Every time without fail I forget how temperamental her stomach and digestive system is to any change, let alone anaesthesia, so we are still struggling to reintroduce feeds and get them to stay down long enough to start digesting. I keep telling myself that the most important thing is fluids as if we didn't have the tube, it is entirely likely she may not be wanting to eat much at all anyway so it is drinks, drinks, drinks. I thought I'd cracked it last night with a decent overnight feed, and woke up to find the extension to the new feeding button had somehow come off, thus feeding mainly the mattress with formula and not my daughter. That rather set the tone for a fraught morning not helped by the fact the after being royally fiddled about with, Wriggles does not want anyone doing anything to her. Unfortunately as we have changed feeding tubes, the new ones needs an extension clipping on to administer things and Wriggles does not have the understanding that if she is to feel slightly less rubbish, I need to do about 5 seconds of fiddling in order to administer pain relief and a drink so she doesn't dehydrate (side note: thanks a bunch, heatwave for making sure I need to be even more diligent about shoving as much liquids into my child that she doesn't not want to absorb). As understanding and patient and empathetic as I am trying to be, I had a moment where I slightly lost the plot this morning. Leaving Cbeebies to babysit while I had a shower and fired off a pathetically sad email to my best friend helped as did eating an entire pack of chocolate biscuits (it was a very small pack. Ish) and me feeling a bit more human and maternal by the afternoon.

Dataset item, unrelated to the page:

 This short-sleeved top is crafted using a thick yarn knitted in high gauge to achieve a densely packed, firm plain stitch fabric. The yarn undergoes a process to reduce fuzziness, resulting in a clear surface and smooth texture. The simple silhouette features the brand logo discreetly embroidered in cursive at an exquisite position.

Poorly children are draining. On top of that, I am absolutely terrified about post operative bleeding, which would merit a 999 call and almost certainly a second operation, and every time Wriggles is sick, starts screaming or coughing a lot I am on knife-edge. One big positive (I think) it that her breathing at night is so much quieter; the immediate downside to this is that it is so quiet I find it hard to relax and sleep myself, safe in the knowledge she is still breathing correctly. Nearly 3 years of a child who sleeps like the sound of a very fidgety hedgehog with a blocked nose has made me very reassured by noise and I am not quite used to this new silent model. What didn't help was that in recovery, the surgeons requested 24 hours of apnoea monitoring before discharge. On the ward, the apnoea monitor kept playing up and going off every 5 minutes so everyone got very fed up and turned it off, deciding to rely on the oxygen saturation/heart rate levels instead. I think my mental state would have definitely benefited from the requested apnoea monitoring to give me some reassurance. Even when she was a baby on oxygen, I never seriously thought about having an oxygen or apnoea sensor at home as I thought it would drive me barmy and fuel my anxiety, but for the first time I am wondering the merits. 

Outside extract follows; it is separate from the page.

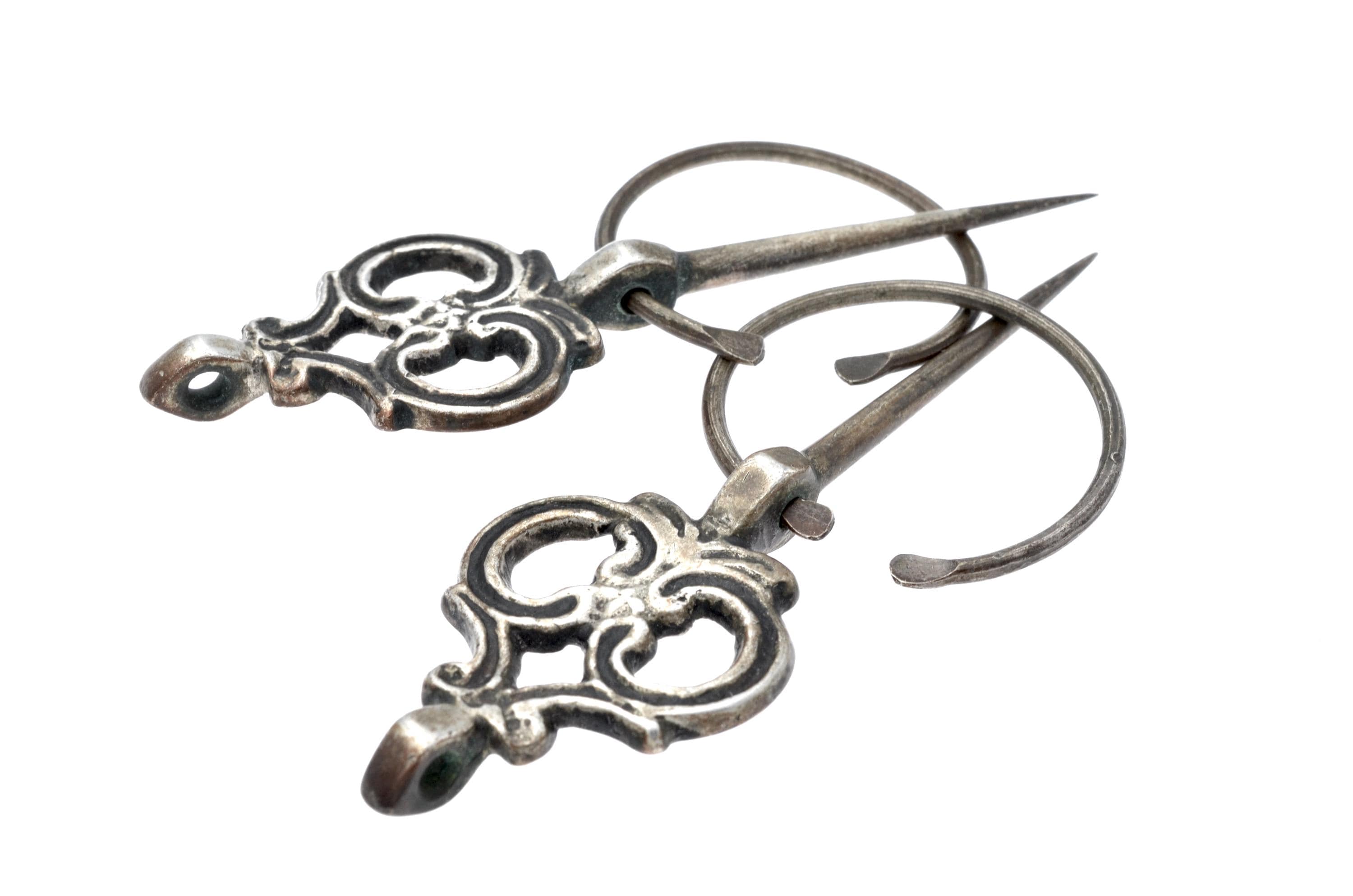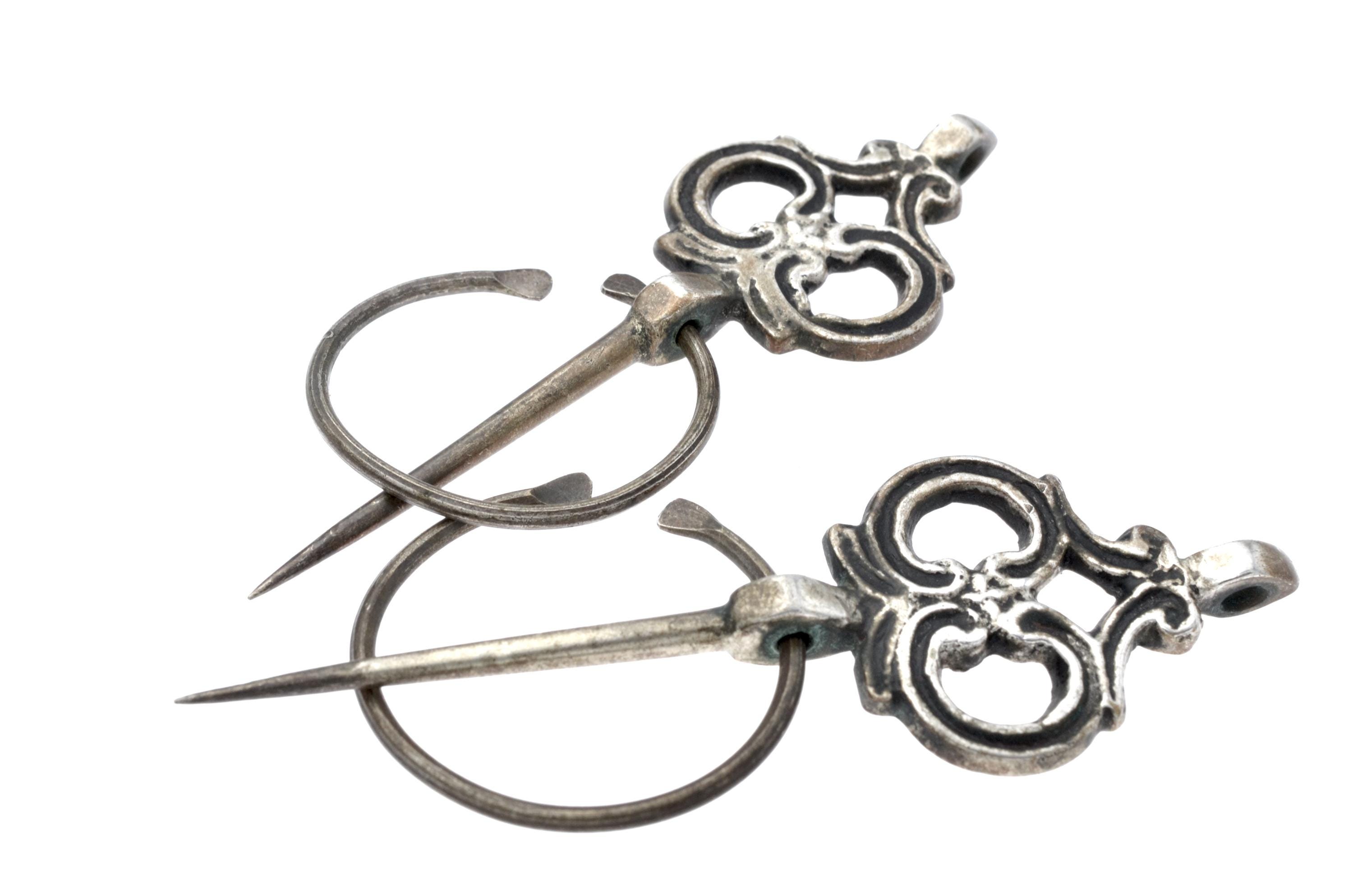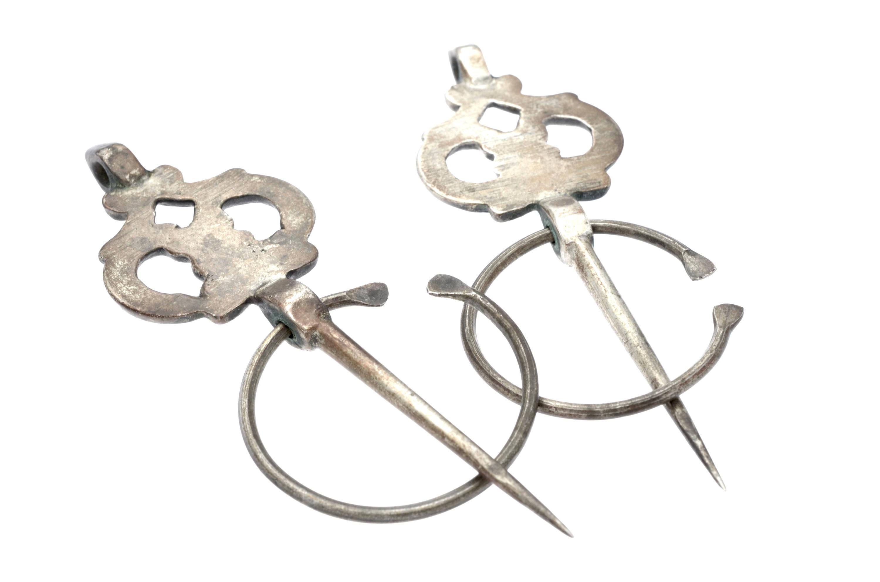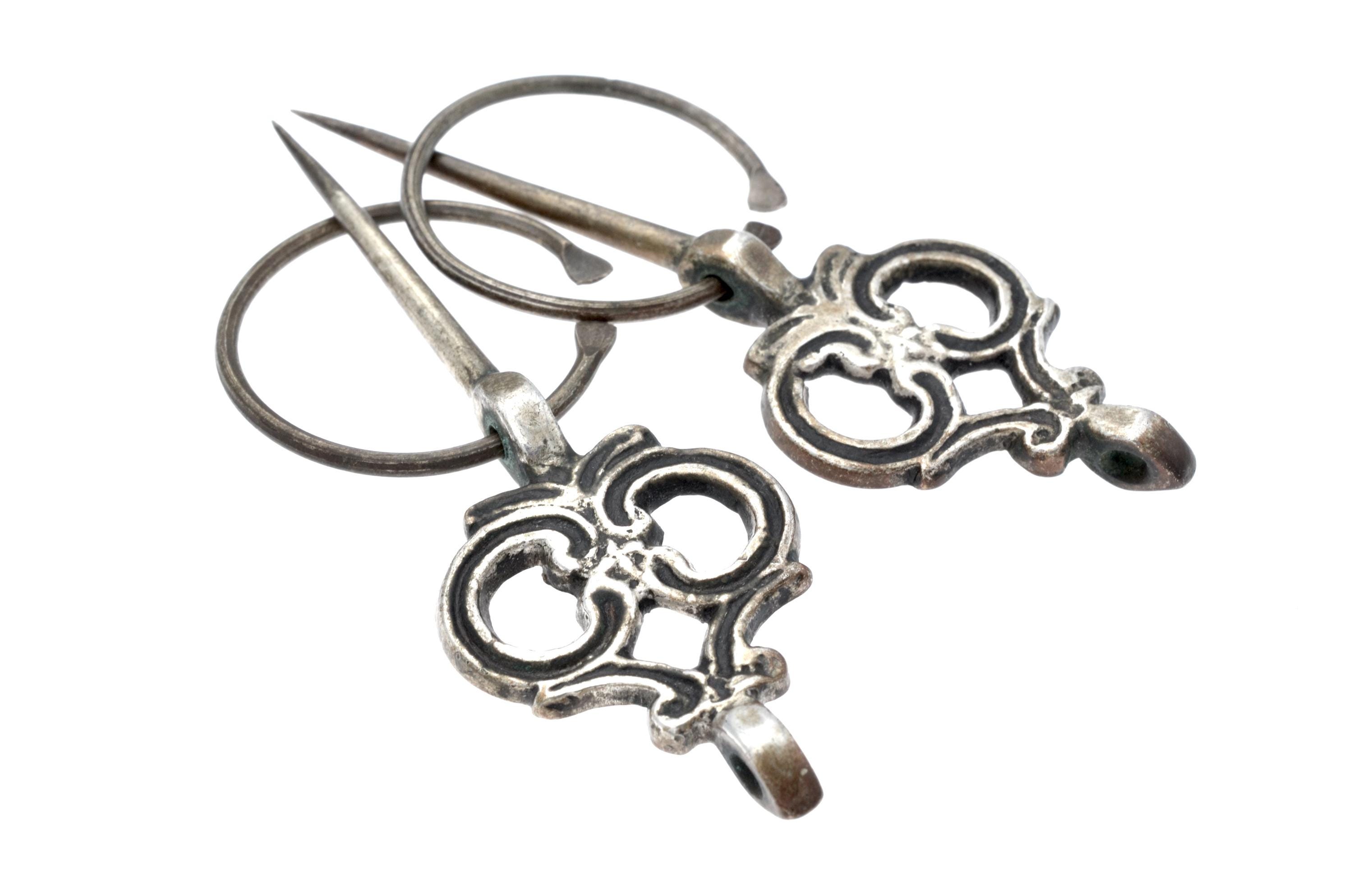 Fibula (tazerzit) from the Ait Baha area, Souss, western Anti-Atlas, Morocco, late 19th – early 20th century. Cast silver subsequently hand-finished. Openwork trilobed/quadrilobed plaque with symmetrical curvilinear relief decoration. Lower rounded terminal. Long straight tapered pin with circular movable ring. Surface shows patina and wear consistent with age. Amazigh female garment fastener from the Souss region.

Onwards and upwards. As I keep saying every half hour to myself!




Wednesday, July 17

Betrayal

01:08

I can't sleep. In two hours I will get up and turn your feed off and swap it for just water.

At 7 o'clock I will get up again and quietly turn that off and administer your morning drugs.

Half an hour later a taxi will come and we will drive to hospital.

At 8 o'clock we will arrive at Ward 8, Surgical Ward.

At 9 o'clock I will hand you over to the surgeons who will put you to sleep. I know you will resist.

At 10 o'clock you will wake; groggy, dazed, confused, hurting, in pain.

It is a relatively minor procedure; adenoidectomy and tonsillectomy, tube change and endoscopy.

I can guarantee you will not see it that way.

Children your age aren't creatures of reason and rationale. You are not built to know about the pros and cons of surgical proceedures.

All you will know and care is that it will hurt. And that I brought you there.

                                                                                   *

I just crept into your room; serenely sleeping and snuffling away. Your perfect face made me feel a clumsy betrayer as I pictured your face contorted in pain and confusion less than 12 hours later.

I'm sorry in advance. So sorry.

Please remember today: the sand, the sea. The sandcastles, Quavers on the beach. Paddling in the North Sea. Throwing rocks at the sea and laughing hysterically as it "ate" them up and growled "thank you very much." Remember the freedom, the rocks, the little pools of water. Remember the sunshine, the standing on the edge of the shore.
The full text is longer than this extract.